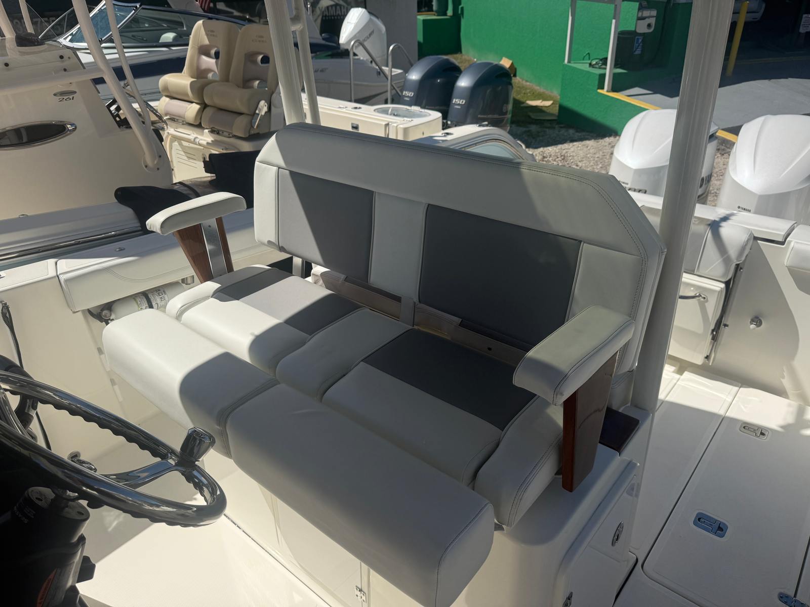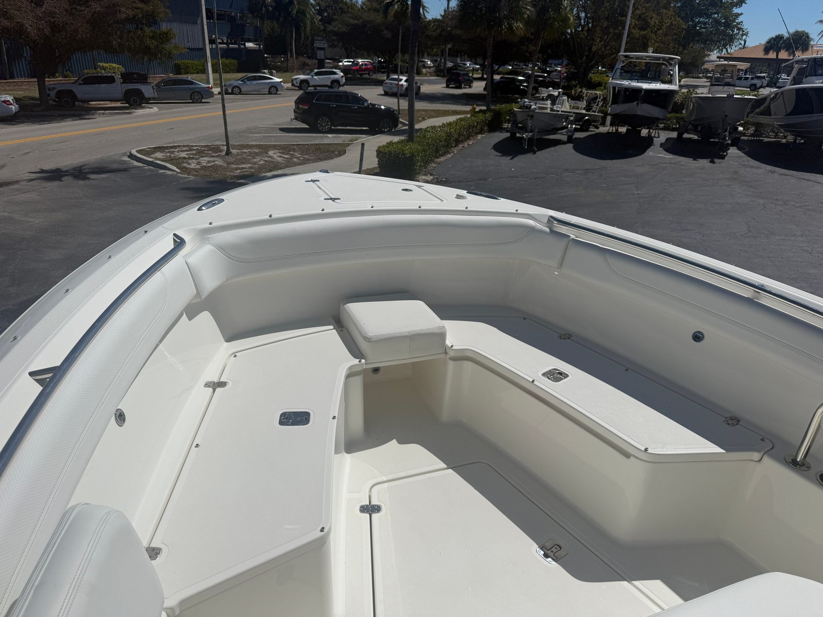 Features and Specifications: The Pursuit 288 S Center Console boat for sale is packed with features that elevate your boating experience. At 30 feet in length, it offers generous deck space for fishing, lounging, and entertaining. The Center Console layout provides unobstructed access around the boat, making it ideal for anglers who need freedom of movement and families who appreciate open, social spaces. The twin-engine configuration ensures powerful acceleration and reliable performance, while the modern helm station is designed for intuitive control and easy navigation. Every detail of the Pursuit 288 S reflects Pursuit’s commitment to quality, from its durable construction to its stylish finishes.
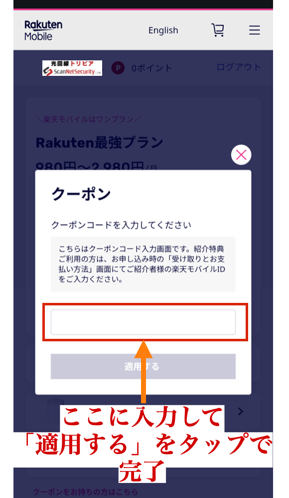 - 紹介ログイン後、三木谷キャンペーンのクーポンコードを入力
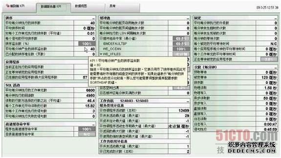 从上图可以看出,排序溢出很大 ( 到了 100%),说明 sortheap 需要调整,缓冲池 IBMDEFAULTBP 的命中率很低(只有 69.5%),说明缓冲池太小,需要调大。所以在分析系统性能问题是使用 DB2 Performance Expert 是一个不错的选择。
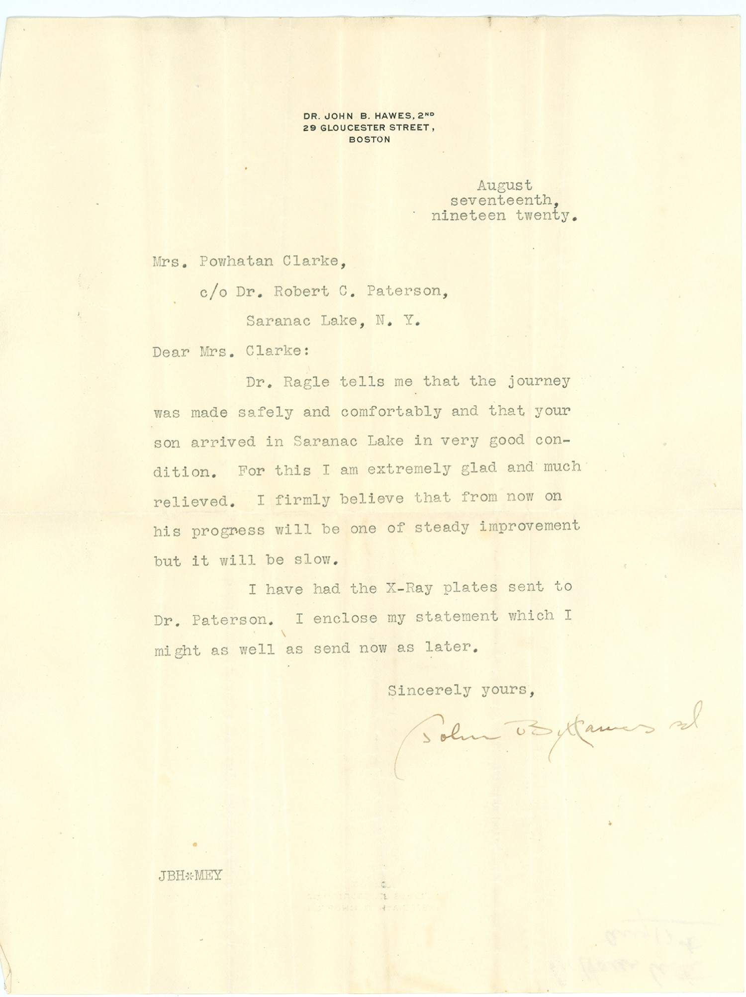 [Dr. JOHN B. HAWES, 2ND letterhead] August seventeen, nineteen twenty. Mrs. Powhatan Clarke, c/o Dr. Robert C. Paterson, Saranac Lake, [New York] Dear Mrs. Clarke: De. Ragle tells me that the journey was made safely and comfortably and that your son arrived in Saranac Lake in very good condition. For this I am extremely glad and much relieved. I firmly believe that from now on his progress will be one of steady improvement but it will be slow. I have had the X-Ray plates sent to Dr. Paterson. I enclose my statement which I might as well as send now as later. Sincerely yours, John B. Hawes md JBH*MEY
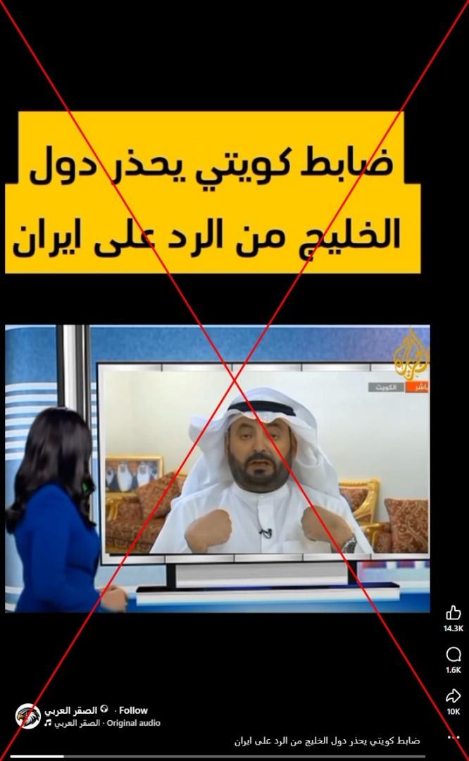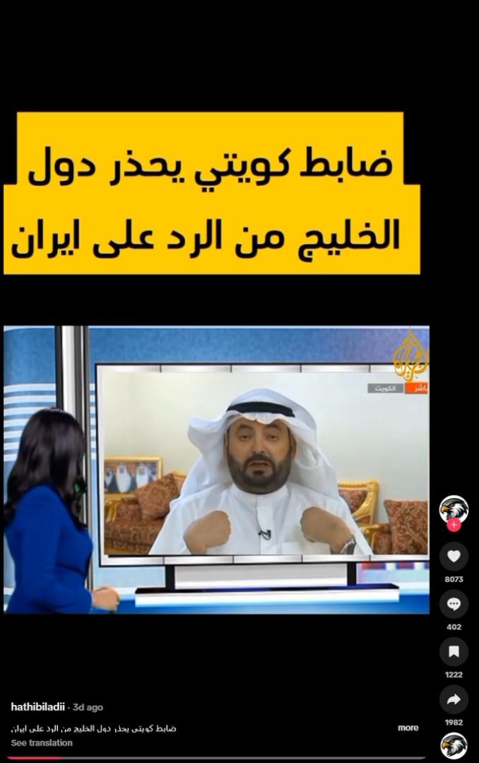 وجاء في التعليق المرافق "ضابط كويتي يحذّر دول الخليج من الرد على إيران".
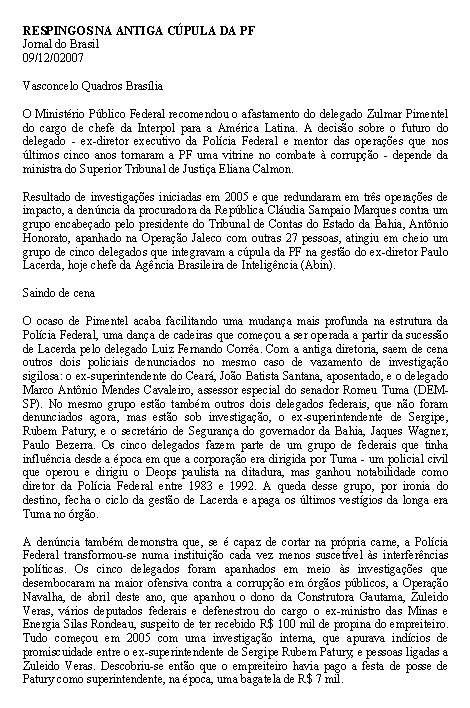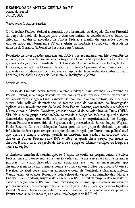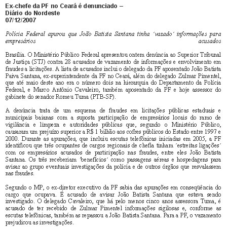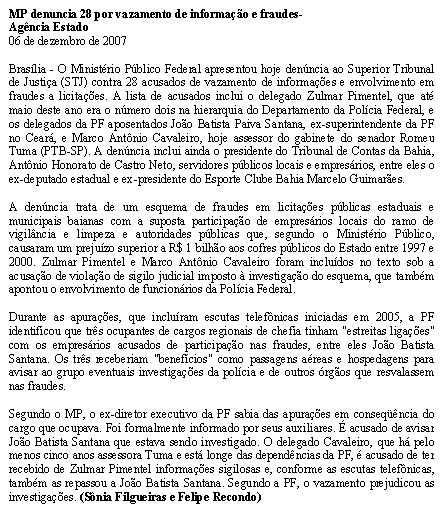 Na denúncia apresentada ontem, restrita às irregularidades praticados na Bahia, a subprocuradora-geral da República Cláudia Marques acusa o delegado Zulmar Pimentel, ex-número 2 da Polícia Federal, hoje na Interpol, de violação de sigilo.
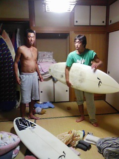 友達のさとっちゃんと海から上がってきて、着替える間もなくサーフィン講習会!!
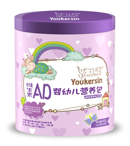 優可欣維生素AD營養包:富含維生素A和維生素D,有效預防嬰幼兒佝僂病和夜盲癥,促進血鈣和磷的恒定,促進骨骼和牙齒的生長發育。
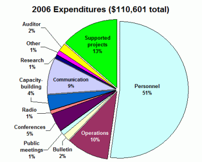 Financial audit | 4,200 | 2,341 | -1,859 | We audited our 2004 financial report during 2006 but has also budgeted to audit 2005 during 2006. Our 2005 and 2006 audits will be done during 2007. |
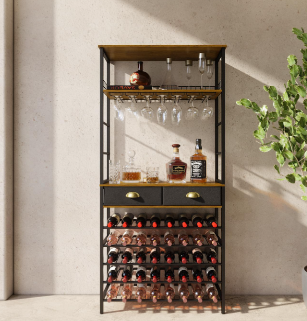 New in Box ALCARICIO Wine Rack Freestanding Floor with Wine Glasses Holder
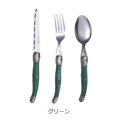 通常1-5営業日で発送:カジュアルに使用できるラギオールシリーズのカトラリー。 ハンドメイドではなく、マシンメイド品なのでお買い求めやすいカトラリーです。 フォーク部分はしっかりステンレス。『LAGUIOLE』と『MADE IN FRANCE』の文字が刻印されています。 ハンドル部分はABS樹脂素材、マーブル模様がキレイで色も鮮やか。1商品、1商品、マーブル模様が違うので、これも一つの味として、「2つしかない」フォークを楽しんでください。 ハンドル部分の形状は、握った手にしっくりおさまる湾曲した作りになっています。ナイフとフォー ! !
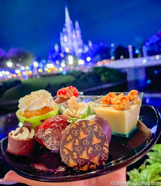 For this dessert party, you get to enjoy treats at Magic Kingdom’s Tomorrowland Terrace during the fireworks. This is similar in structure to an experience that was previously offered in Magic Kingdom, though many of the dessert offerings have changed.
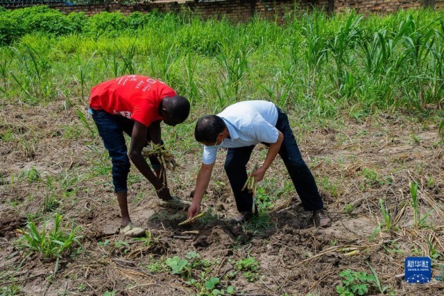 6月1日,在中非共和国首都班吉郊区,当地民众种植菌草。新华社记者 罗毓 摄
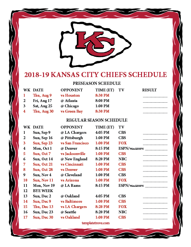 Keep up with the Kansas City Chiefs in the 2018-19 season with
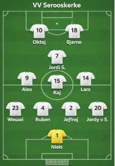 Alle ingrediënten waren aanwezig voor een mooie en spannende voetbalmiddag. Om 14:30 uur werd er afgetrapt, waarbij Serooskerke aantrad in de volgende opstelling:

**Your objective**
Without copying any picture, write out all of the material exactly as it reads.

**Answer space**
 Features and Specifications: The Pursuit 288 S Center Console boat for sale is packed with features that elevate your boating experience. At 30 feet in length, it offers generous deck space for fishing, lounging, and entertaining. The Center Console layout provides unobstructed access around the boat, making it ideal for anglers who need freedom of movement and families who appreciate open, social spaces. The twin-engine configuration ensures powerful acceleration and reliable performance, while the modern helm station is designed for intuitive control and easy navigation. Every detail of the Pursuit 288 S reflects Pursuit’s commitment to quality, from its durable construction to its stylish finishes.
 - 紹介ログイン後、三木谷キャンペーンのクーポンコードを入力
 从上图可以看出,排序溢出很大 ( 到了 100%),说明 sortheap 需要调整,缓冲池 IBMDEFAULTBP 的命中率很低(只有 69.5%),说明缓冲池太小,需要调大。所以在分析系统性能问题是使用 DB2 Performance Expert 是一个不错的选择。
 [Dr. JOHN B. HAWES, 2ND letterhead] August seventeen, nineteen twenty. Mrs. Powhatan Clarke, c/o Dr. Robert C. Paterson, Saranac Lake, [New York] Dear Mrs. Clarke: De. Ragle tells me that the journey was made safely and comfortably and that your son arrived in Saranac Lake in very good condition. For this I am extremely glad and much relieved. I firmly believe that from now on his progress will be one of steady improvement but it will be slow. I have had the X-Ray plates sent to Dr. Paterson. I enclose my statement which I might as well as send now as later. Sincerely yours, John B. Hawes md JBH*MEY
 وجاء في التعليق المرافق "ضابط كويتي يحذّر دول الخليج من الرد على إيران".
 Na denúncia apresentada ontem, restrita às irregularidades praticados na Bahia, a subprocuradora-geral da República Cláudia Marques acusa o delegado Zulmar Pimentel, ex-número 2 da Polícia Federal, hoje na Interpol, de violação de sigilo.
 友達のさとっちゃんと海から上がってきて、着替える間もなくサーフィン講習会!!
 優可欣維生素AD營養包:富含維生素A和維生素D,有效預防嬰幼兒佝僂病和夜盲癥,促進血鈣和磷的恒定,促進骨骼和牙齒的生長發育。
 Financial audit | 4,200 | 2,341 | -1,859 | We audited our 2004 financial report during 2006 but has also budgeted to audit 2005 during 2006. Our 2005 and 2006 audits will be done during 2007. |
 New in Box ALCARICIO Wine Rack Freestanding Floor with Wine Glasses Holder
 通常1-5営業日で発送:カジュアルに使用できるラギオールシリーズのカトラリー。 ハンドメイドではなく、マシンメイド品なのでお買い求めやすいカトラリーです。 フォーク部分はしっかりステンレス。『LAGUIOLE』と『MADE IN FRANCE』の文字が刻印されています。 ハンドル部分はABS樹脂素材、マーブル模様がキレイで色も鮮やか。1商品、1商品、マーブル模様が違うので、これも一つの味として、「2つしかない」フォークを楽しんでください。 ハンドル部分の形状は、握った手にしっくりおさまる湾曲した作りになっています。ナイフとフォー ! !
 For this dessert party, you get to enjoy treats at Magic Kingdom’s Tomorrowland Terrace during the fireworks. This is similar in structure to an experience that was previously offered in Magic Kingdom, though many of the dessert offerings have changed.
 6月1日,在中非共和国首都班吉郊区,当地民众种植菌草。新华社记者 罗毓 摄
 Keep up with the Kansas City Chiefs in the 2018-19 season with
 Alle ingrediënten waren aanwezig voor een mooie en spannende voetbalmiddag. Om 14:30 uur werd er afgetrapt, waarbij Serooskerke aantrad in de volgende opstelling:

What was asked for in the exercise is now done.